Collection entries
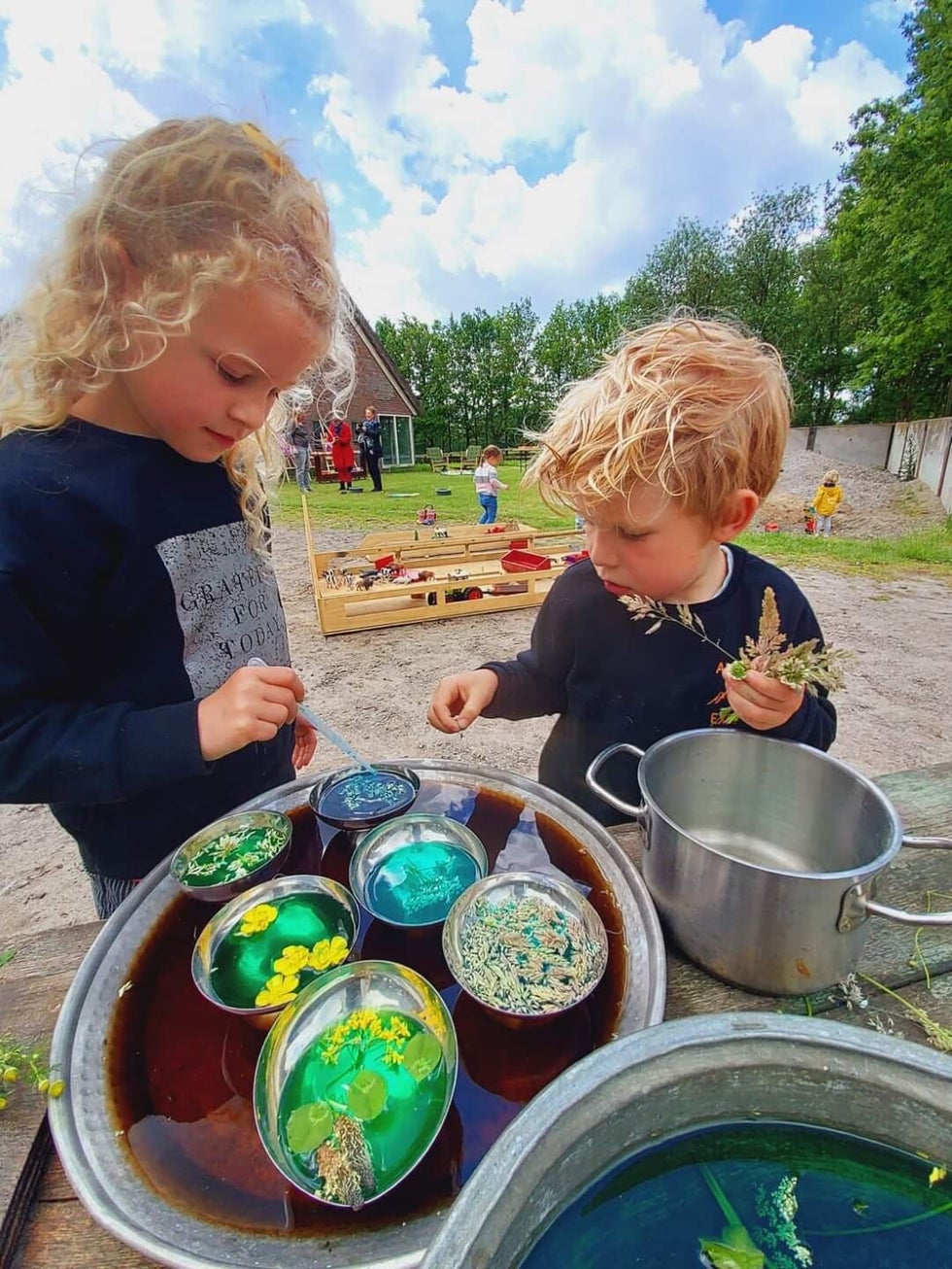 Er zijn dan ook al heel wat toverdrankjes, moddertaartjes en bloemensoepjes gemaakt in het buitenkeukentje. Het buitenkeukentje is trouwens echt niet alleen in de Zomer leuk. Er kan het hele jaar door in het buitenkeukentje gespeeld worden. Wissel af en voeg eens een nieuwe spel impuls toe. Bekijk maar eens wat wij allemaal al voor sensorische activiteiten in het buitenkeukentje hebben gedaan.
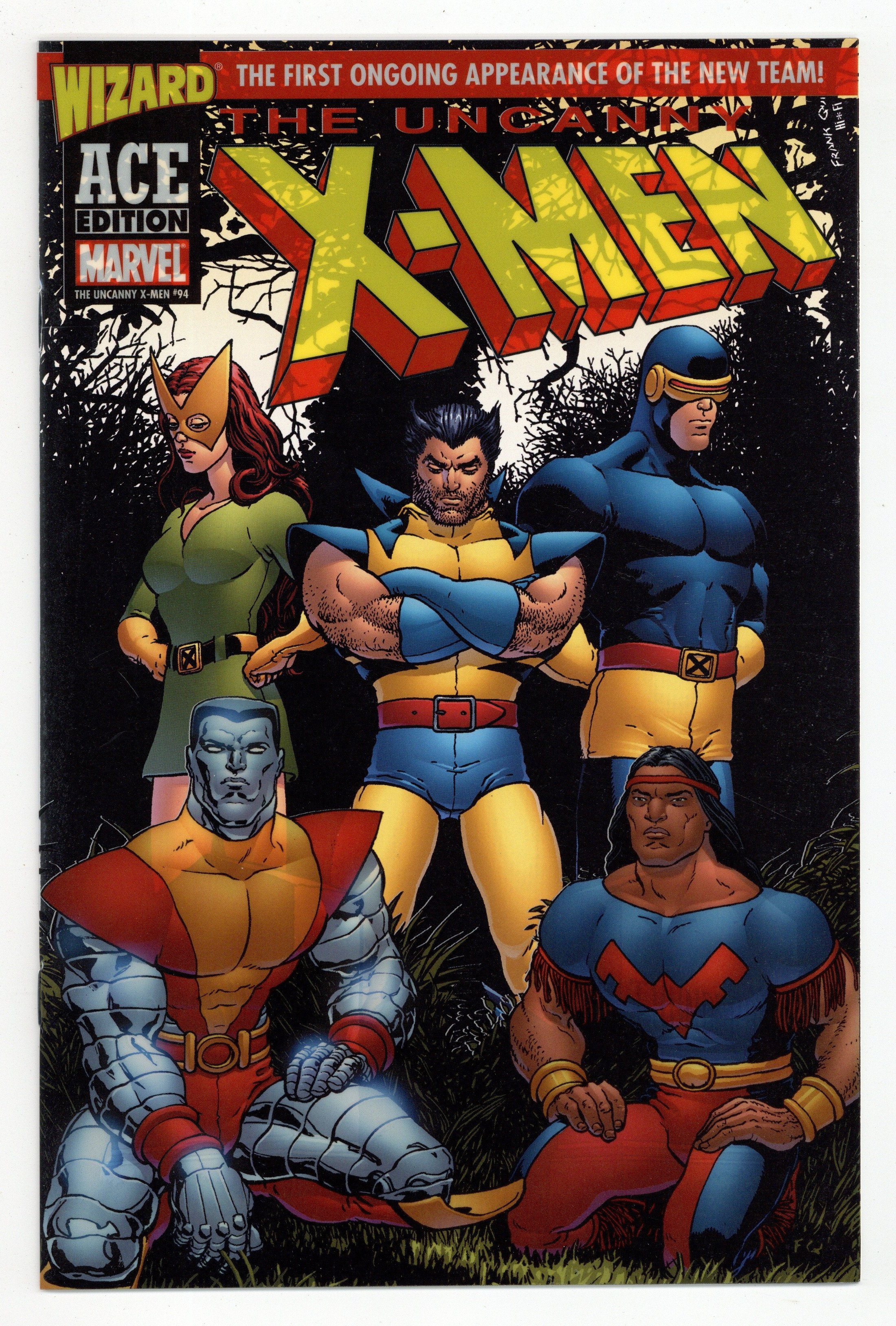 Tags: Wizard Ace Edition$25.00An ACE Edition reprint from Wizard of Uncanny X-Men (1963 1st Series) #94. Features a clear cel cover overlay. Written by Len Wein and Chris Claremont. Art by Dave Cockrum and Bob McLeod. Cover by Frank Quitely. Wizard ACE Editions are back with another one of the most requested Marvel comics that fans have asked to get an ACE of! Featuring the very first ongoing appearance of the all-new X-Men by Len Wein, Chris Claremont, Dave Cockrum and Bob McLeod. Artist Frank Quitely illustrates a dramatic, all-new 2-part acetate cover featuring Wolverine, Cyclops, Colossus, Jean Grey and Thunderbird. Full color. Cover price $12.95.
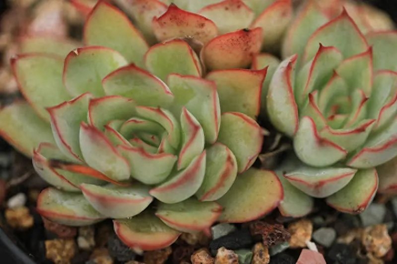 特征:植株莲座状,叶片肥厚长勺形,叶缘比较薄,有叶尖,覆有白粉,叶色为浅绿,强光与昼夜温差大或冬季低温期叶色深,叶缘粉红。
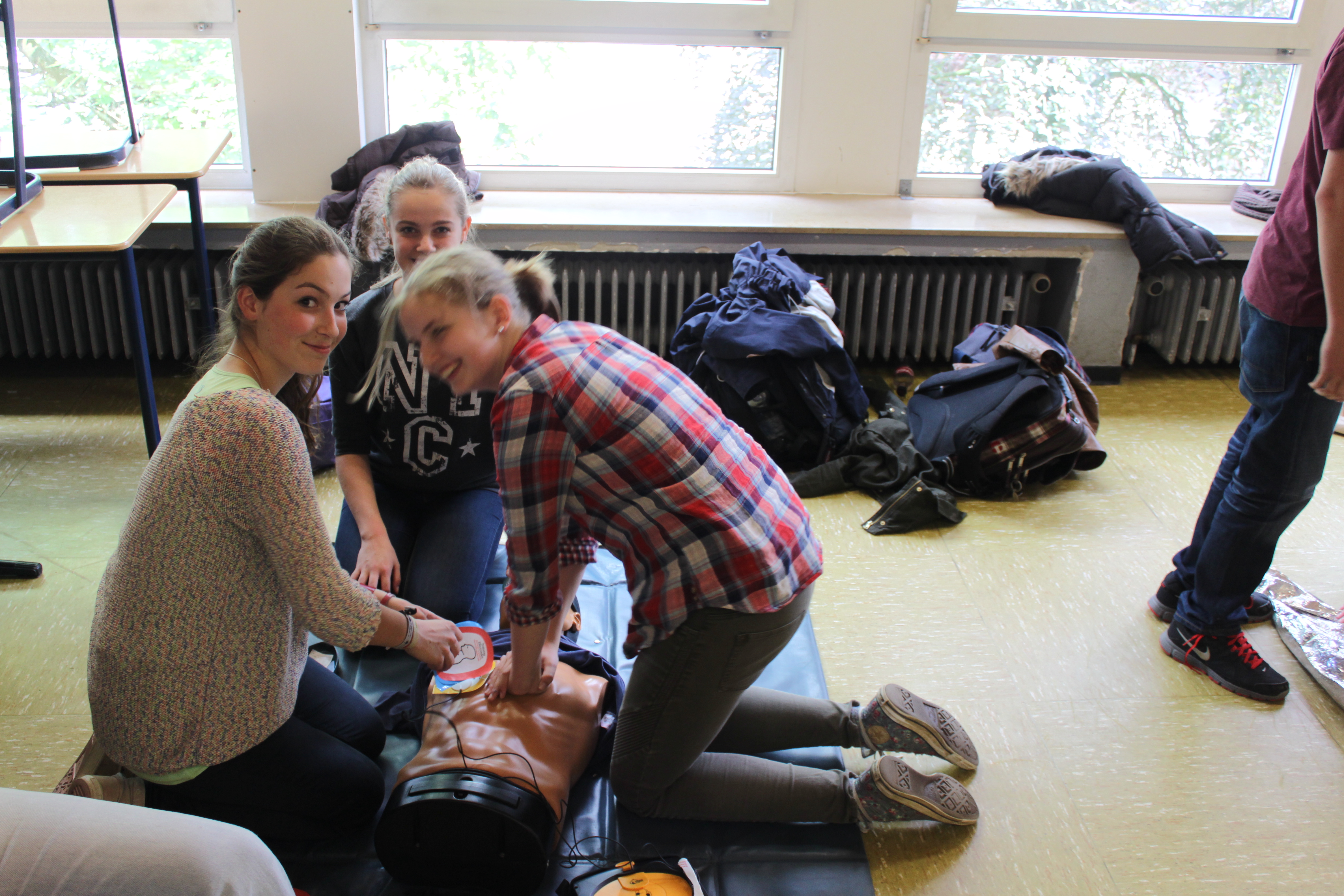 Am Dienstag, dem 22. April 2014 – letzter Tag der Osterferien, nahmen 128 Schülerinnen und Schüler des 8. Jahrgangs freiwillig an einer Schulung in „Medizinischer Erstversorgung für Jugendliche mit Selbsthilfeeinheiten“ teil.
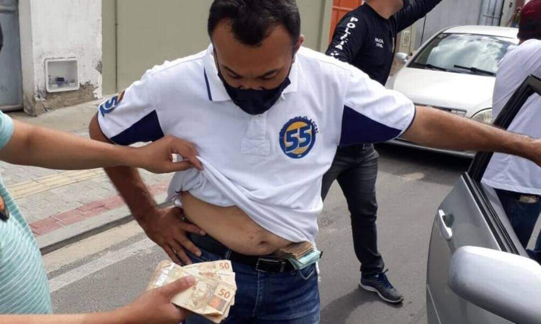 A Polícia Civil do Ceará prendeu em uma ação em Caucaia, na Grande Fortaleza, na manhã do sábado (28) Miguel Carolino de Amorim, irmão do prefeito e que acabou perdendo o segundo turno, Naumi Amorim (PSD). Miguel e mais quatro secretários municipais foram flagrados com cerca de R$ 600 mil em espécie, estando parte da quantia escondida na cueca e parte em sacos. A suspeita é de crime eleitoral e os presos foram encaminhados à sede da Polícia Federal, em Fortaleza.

• **What you have to do**:
Exact copies of all the entries, without any pictures, are what the answer must contain.

• **Task result**:
 Er zijn dan ook al heel wat toverdrankjes, moddertaartjes en bloemensoepjes gemaakt in het buitenkeukentje. Het buitenkeukentje is trouwens echt niet alleen in de Zomer leuk. Er kan het hele jaar door in het buitenkeukentje gespeeld worden. Wissel af en voeg eens een nieuwe spel impuls toe. Bekijk maar eens wat wij allemaal al voor sensorische activiteiten in het buitenkeukentje hebben gedaan.
 Tags: Wizard Ace Edition$25.00An ACE Edition reprint from Wizard of Uncanny X-Men (1963 1st Series) #94. Features a clear cel cover overlay. Written by Len Wein and Chris Claremont. Art by Dave Cockrum and Bob McLeod. Cover by Frank Quitely. Wizard ACE Editions are back with another one of the most requested Marvel comics that fans have asked to get an ACE of! Featuring the very first ongoing appearance of the all-new X-Men by Len Wein, Chris Claremont, Dave Cockrum and Bob McLeod. Artist Frank Quitely illustrates a dramatic, all-new 2-part acetate cover featuring Wolverine, Cyclops, Colossus, Jean Grey and Thunderbird. Full color. Cover price $12.95.
 特征:植株莲座状,叶片肥厚长勺形,叶缘比较薄,有叶尖,覆有白粉,叶色为浅绿,强光与昼夜温差大或冬季低温期叶色深,叶缘粉红。
 Am Dienstag, dem 22. April 2014 – letzter Tag der Osterferien, nahmen 128 Schülerinnen und Schüler des 8. Jahrgangs freiwillig an einer Schulung in „Medizinischer Erstversorgung für Jugendliche mit Selbsthilfeeinheiten“ teil.
 A Polícia Civil do Ceará prendeu em uma ação em Caucaia, na Grande Fortaleza, na manhã do sábado (28) Miguel Carolino de Amorim, irmão do prefeito e que acabou perdendo o segundo turno, Naumi Amorim (PSD). Miguel e mais quatro secretários municipais foram flagrados com cerca de R$ 600 mil em espécie, estando parte da quantia escondida na cueca e parte em sacos. A suspeita é de crime eleitoral e os presos foram encaminhados à sede da Polícia Federal, em Fortaleza.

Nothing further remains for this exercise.